Женя посмотрела на нее серьезно и твердо.

— Мое поведение по отношению к нему не всегда было достойным. Я уходила от него к другим мужчинам и возвращалась, потому что лучше него для меня не было никого. И он всегда принимал и прощал меня, потому что для него никого не было лучше, чем я.

— Но что же заставило тебя рыдать так безутешно?

— Боль. Оказалось, что моя нянька тоже испытывает боль, хотя и скрывает ее от меня. И все эти страдания родного человека за множество жизней объединились в одну молнию и пронзили меня до самых глубин моего существа. Они испепелили все мои страсти, которые преследовали меня из жизни в жизнь. И та физическая боль, которую я ощущала, была для меня спасением. А иначе бы мощь моральных страданий превысила мой болевой порог.

Аглая молчала, потрясенная.

— Вы удивительная пара, — сказала она наконец. — Я всегда чувствовала родство с вами. И мы еще поговорим с тобой об этом. Но сейчас давай выполним до конца то, зачем ты пришла.

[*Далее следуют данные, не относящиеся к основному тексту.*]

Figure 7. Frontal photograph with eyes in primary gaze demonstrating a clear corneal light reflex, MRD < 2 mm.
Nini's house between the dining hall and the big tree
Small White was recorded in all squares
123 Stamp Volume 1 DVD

Две женщины вновь стояли перед бочкой. Одна приостановила движение руки другой.

— Скажу тебе еще несколько слов, Аглая, перед тем как ты откроешь дверь. Красный режим этой бочки показал мне кое-что из моей текущей жизни, а желтый — из прошлых существований, причем из тех, в которых проявились не самые лучшие мои свойства. Знаешь, о чем я думаю сейчас? Если мне судьба увидеть хоть что-то в синем режиме, то ведь это могут оказаться и более светлые стороны моей души.

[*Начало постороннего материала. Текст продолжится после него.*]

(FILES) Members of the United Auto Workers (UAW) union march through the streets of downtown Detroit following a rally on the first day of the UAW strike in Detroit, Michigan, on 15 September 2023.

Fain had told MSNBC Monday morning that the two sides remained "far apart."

— Ты уходишь в малоизученную стадию эксперимента с хорошим настроем, Женя. Пусть все будет именно так, как ты сказала.

Аглая включила аппаратуру. Шарики, загоревшиеся синим огнем, оповестили Женю о том, что сейчас она будет полностью изолирована от этого мира.

 

Синий

Девочка, одетая в шальвар-камиз, остановила свой бег на берегу бурного ручья. Сил почти уже не было, но противоположная сторона была единственной возможностью спасения. Девочка сосредоточилась и, повторяя имя светлого духа, покровителя ее семьи, вошла в поток. Она потеряла сознание уже на другом берегу, когда конский топот и лай собак погони были слышны уже совершенно отчетливо.

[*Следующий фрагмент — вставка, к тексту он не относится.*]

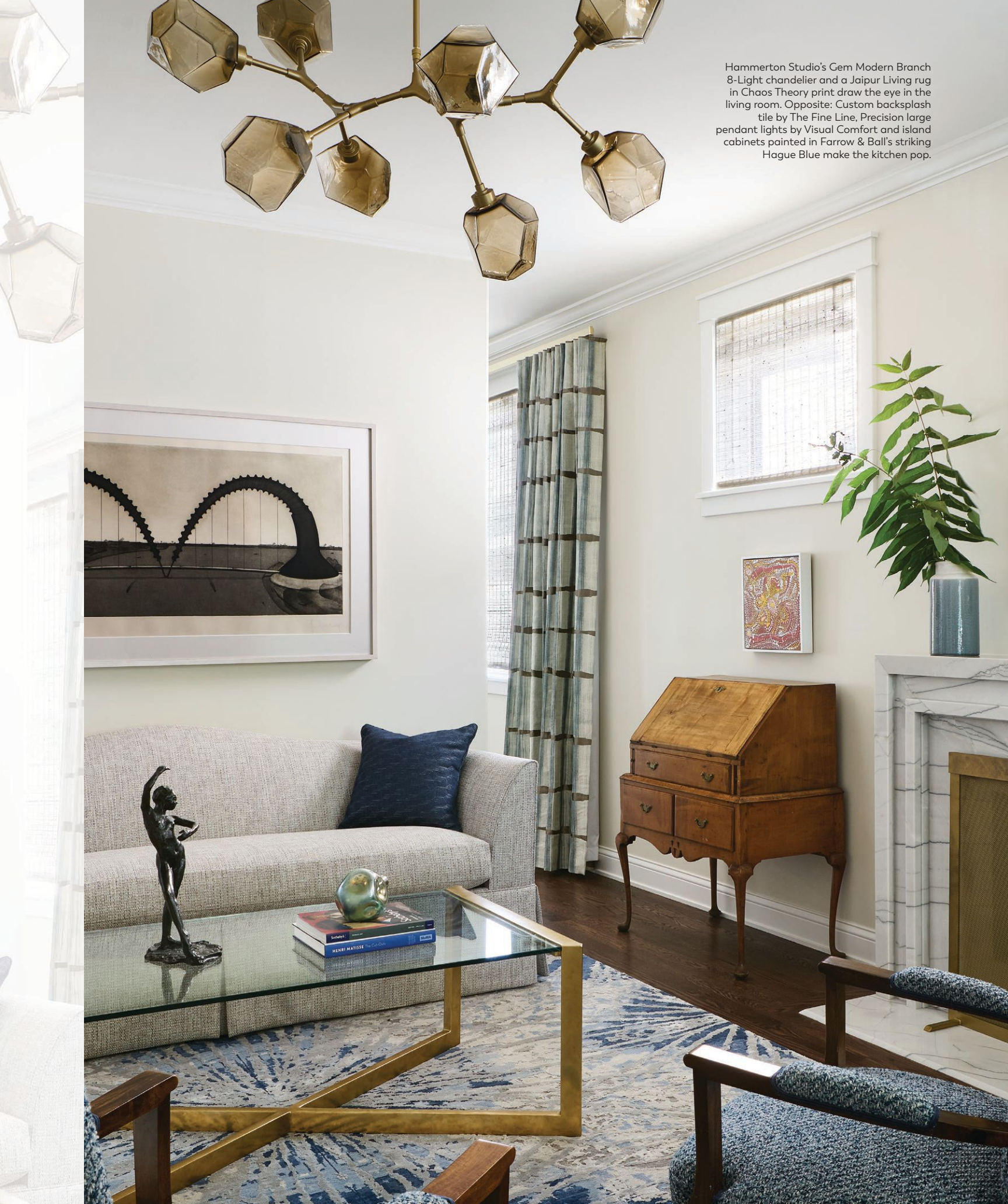
Hammerton Studio's Gem Modern Branch 8-Light chandelier and a Jaipur Living rug in Chaos Theory print draw the eye in the living room. Opposite: Custom backsplash tile by The Fine Line, Precision large pendant lights by Visual Comfort and island cabinets painted in Farrow & Ball's striking Hague Blue make the kitchen pop.

Девочку привела в чувство незнакомая женщина, натиравшая ее тело пахучим маслом. Вместо зноя ощущалась приятная прохлада. Было так хорошо, что не хотелось шевелиться.

— Мне кажется, что я на небе, — обратилась девочка к женщине.

— Нет, ты все еще на земле, — ласково ответила та.

— А где те люди, которые гнались за мной?

— Они не посмели пересечь границу. Тебе на помощь пришли наши воины.

— Но меня не изгонят обратно, за ручей? — заволновалась девочка.

— Спи спокойно. Ты отвоевала свою жизнь. Сейчас ты под защитой моего брата, а значит, в безопасности.

Когда девочка мирно задышала, женщина вышла к брату.

— Война, Раджан? — спросила она.

— Да, Амала. Он требует выдать девочку.

— Но как ей удалось бежать?

— Ее отец ожидал мятежа и спрятал ее у крестьян. Когда предатель привел мятежника, крестьяне успели показать ей нужный путь.

— Бедная девочка еще не знает, что ее родителей больше нет. Но что нам надо делать сейчас, Раджан?

— Сейчас нужна свадьба, Амала. Если я буду защищать свою жену, то это даст мне законные права и союзников.

— Ты прав, брат. Я все подготовлю. Сегодня к вечеру ты будешь женат.

— Благословенно то царство, в котором женщины так же мужественны, как ты, сестра.

Раджан вернулся с победой, отвоевав владения жены. Несмотря на молодость, он был не только опытным воином, но и известным ученым. Маленькая Рамани, не по-детски умная и благородная, еще не достигла брачного возраста, принятого в стране, поэтому она надолго стала Раджану любимой сестрой, дочерью и ученицей. Она жила в покоях Амалы и впитывала в себя также и ее мудрость.

— Почему ты не вышла замуж, сестра? — спросила она как-то Амалу.

— Потому что я растила Раджана, — ответила та. — Он ведь тоже рано остался без родителей.

— Значит, — обняла ее девочка, — ты вынянчила своего брата, а теперь стала нянькой и его жене.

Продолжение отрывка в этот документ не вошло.